L’autre jour, ma petite voisine du dessous s’ennuyait comme un rat mort. Elle venait frapper à ma porte toutes les cinq minutes, me demandant si je n’avais pas des revues pour elle. Mais les seules revues que j’ai sont en français, et elle n’est pas vraiment attirée par les livres en espagnol que je pourrais lui prêter.
Heureusement, j’avais sous la main une boîte de peinture rudimentaire achetée dans un de ces magasins « Tout pour un dollar » (enfin, peso convertible maintenant) qu’on trouve dans le centre commercial Carlos Tercero.
Son visage s’illumine, elle file chez elle, déniche plusieurs bouts de contreplaqué, et se met à l’ouvrage avec enthousiasme.

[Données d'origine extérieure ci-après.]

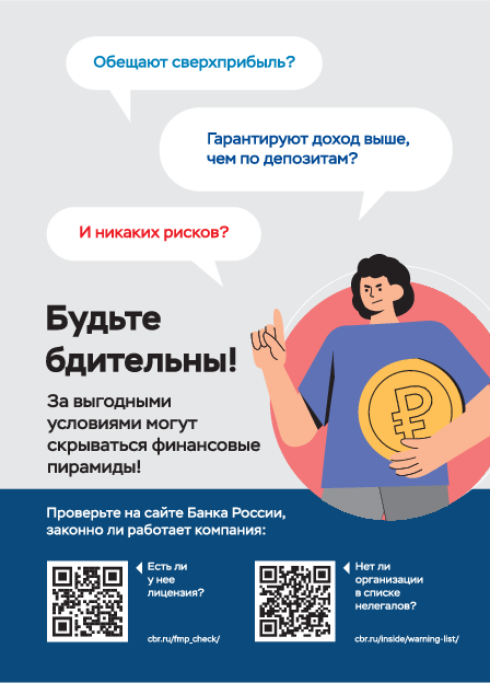 Банк России предупреждает: Будьте бдительны! За супервыгодными условиями может скрываться финансовая пирамида или нелегальная компания
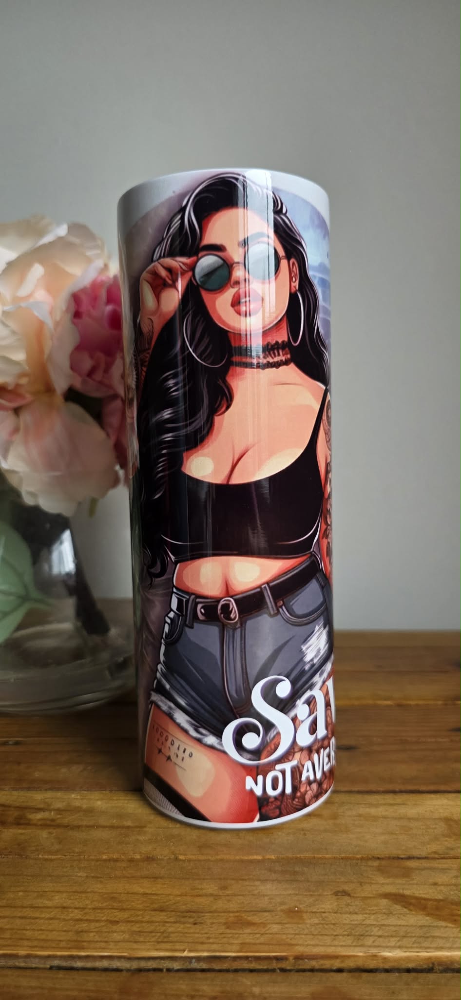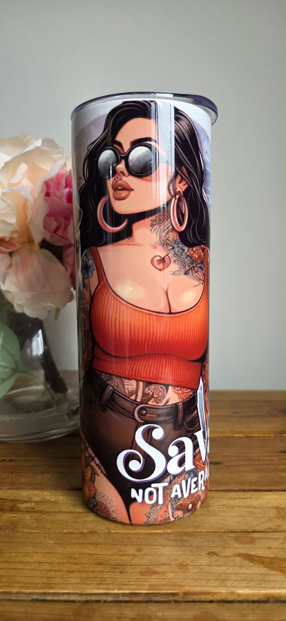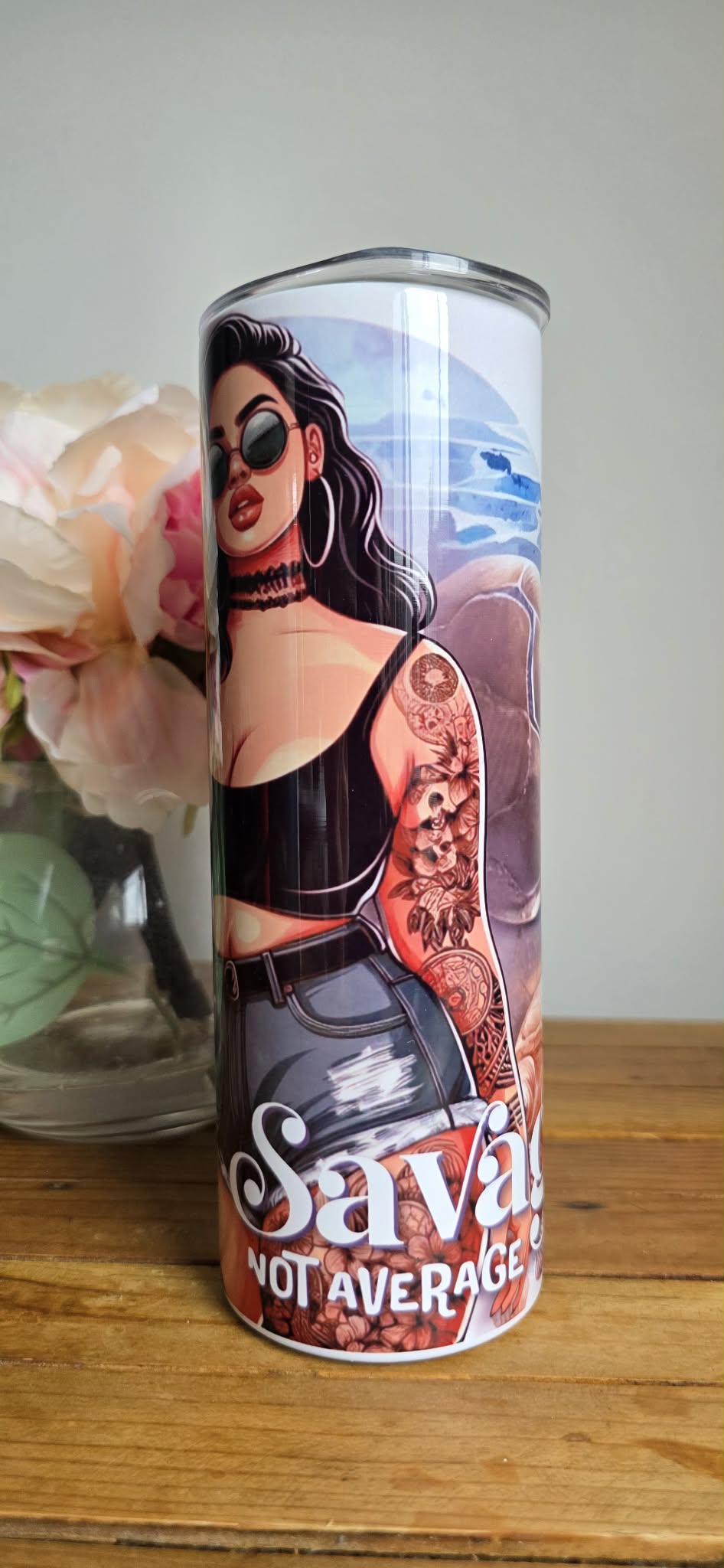These eye-catching tumblers features a confident island-inspired design with soft tropical tones, tribal patterns, and a fierce “Savage Not Average” statement. Finished with a stylish illustrated character, these tumblers bring attitude, culture, and personality to your everyday drink.
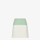 تنورة قصيرة بخصر عالٍ وتصميم واسع قليلاً عند الطرف.إغلاق بسحاب من الجهة الخلفية.مبطّنة.التصميم جزء من المجموعة الموسمية "Fantastic Fendi Future" من فندي المصمّمة بالتعاون مع الفنانة اليابانية آيا تاكانو، وهو مصنوع من الصوف والحرير بتأثير تمازج الألوان الأبيض والأخضر الفاتح.
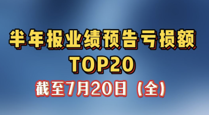 截至7月20日:半年报业绩预告亏损额居前股名单
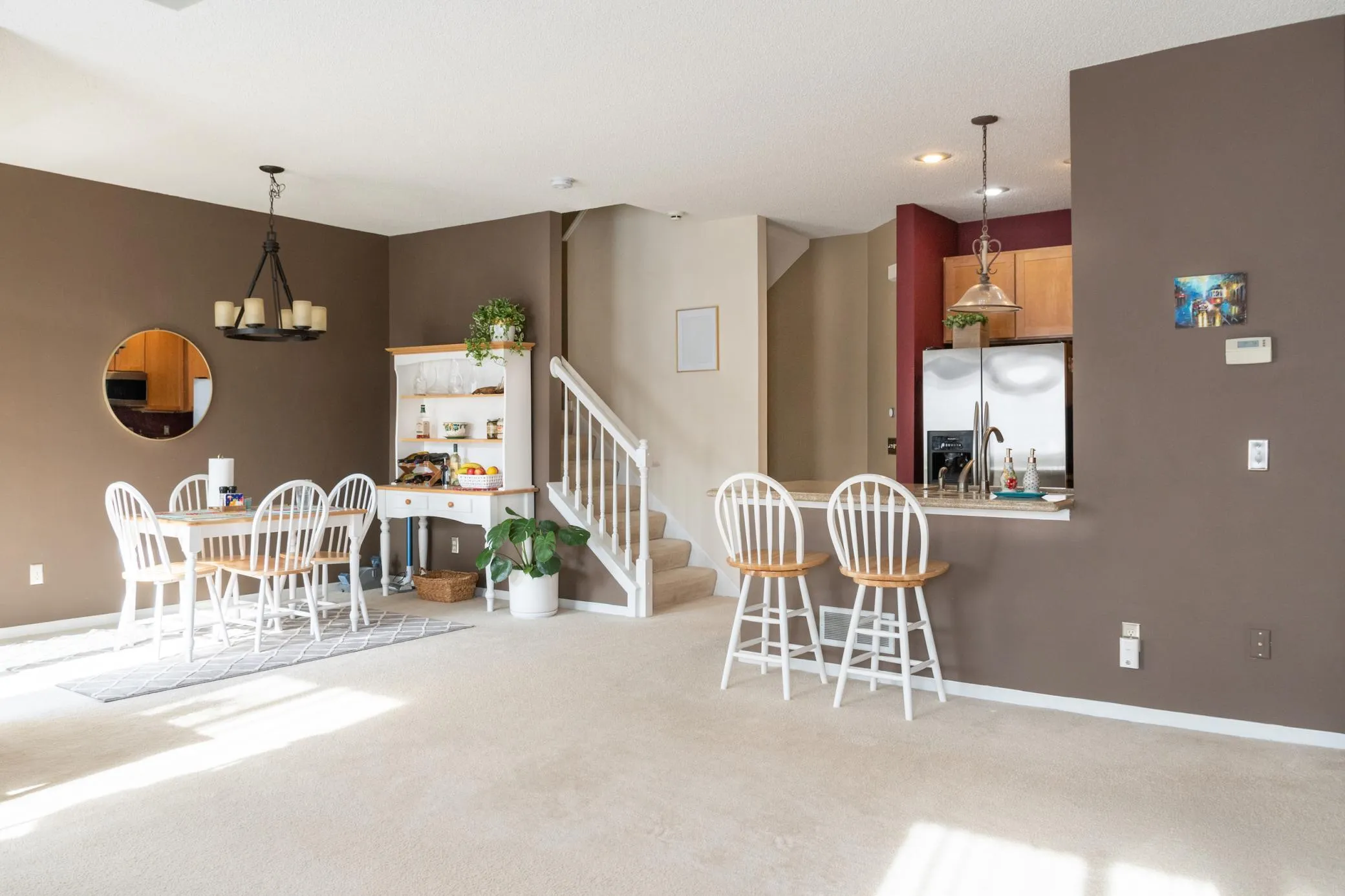 Step into this beautifully maintained, south-facing 2-bed/2-bath townhome in sought after Woodbury location. Bathed in natural light, this home offers a warm and inviting atmosphere with thoughtful upgrades throughout. Enjoy a stylish kitchen featuring stainless steel appliances, a cozy breakfast nook, and a separate dining area—perfect for both everyday living and entertaining. The spacious living room boasts a gas fireplace, creating the perfect place to relax, while the private balcony adds a charming outdoor retreat. Upstairs, you’ll find generously sized bedrooms, including a primary suite with a convenient walkthrough bath. With ample storage, smart layout, and modern comforts, this home truly has it all. Located just minutes from parks, trails, shopping, dining, and with easy freeway access, this property combines comfort, convenience, and lifestyle, making it a must-see!
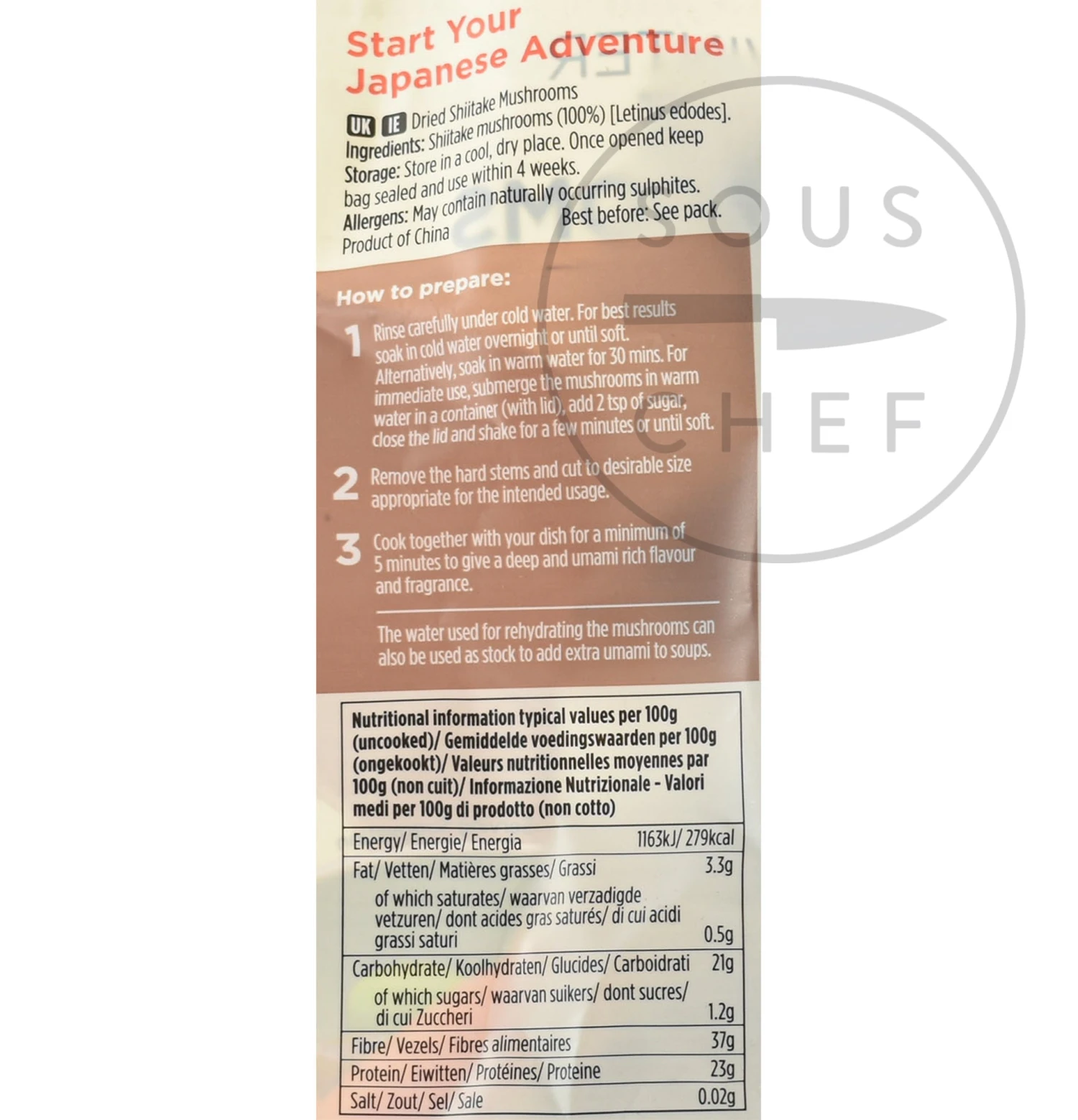 Ingredients: Dried Shiitake mushrooms (100%) (Letinus edodes). May contain naturally occurring sulphites.

Dix minutes plus tard à peine, elle refrappe à ma porte : elle a dessiné un désert, le soleil, quelques cactus, un chameau hiératique, et trois bonshommes. Je la félicite et mets le bout de bois à sécher au soleil.
Dix minutes plus tard, la revoilà à ma porte, cette fois avec un autre tableau représentant la mer, un gros bateau, le drapeau français (c’est elle qui a insisté) et trois bonshommes. Nouvelles félicitations. Mais déjà son inspiration commence à faiblir, elle me demande ce qu’elle pourrait peindre maintenant, je lui suggère de représenter La Havane.
Et pas plus de dix minutes plus tard, la revoilà devant ma porte, avec un très beau tableau du Malecón vu de la mer, les immeubles au fond, les vagues au premier plan, et trois bonshommes sur le parapet. J’aime vraiment beaucoup celui-là, son bleu profond, ces ocres, sa structure.
Un peu intriguée quand même, je finis par lui demander qui sont ces trois bonshommes qu’elle dessine systématiquement : « —Ce sont tes frères et sœurs ? » « —Ben non, c’est un p’tit blanc, un p’tit métisse, et un p’tit noir » me répond-elle un peu surprise. Effectivement, il y en a un qui est peint de blanc, l’autre de noir, et le troisième de marron.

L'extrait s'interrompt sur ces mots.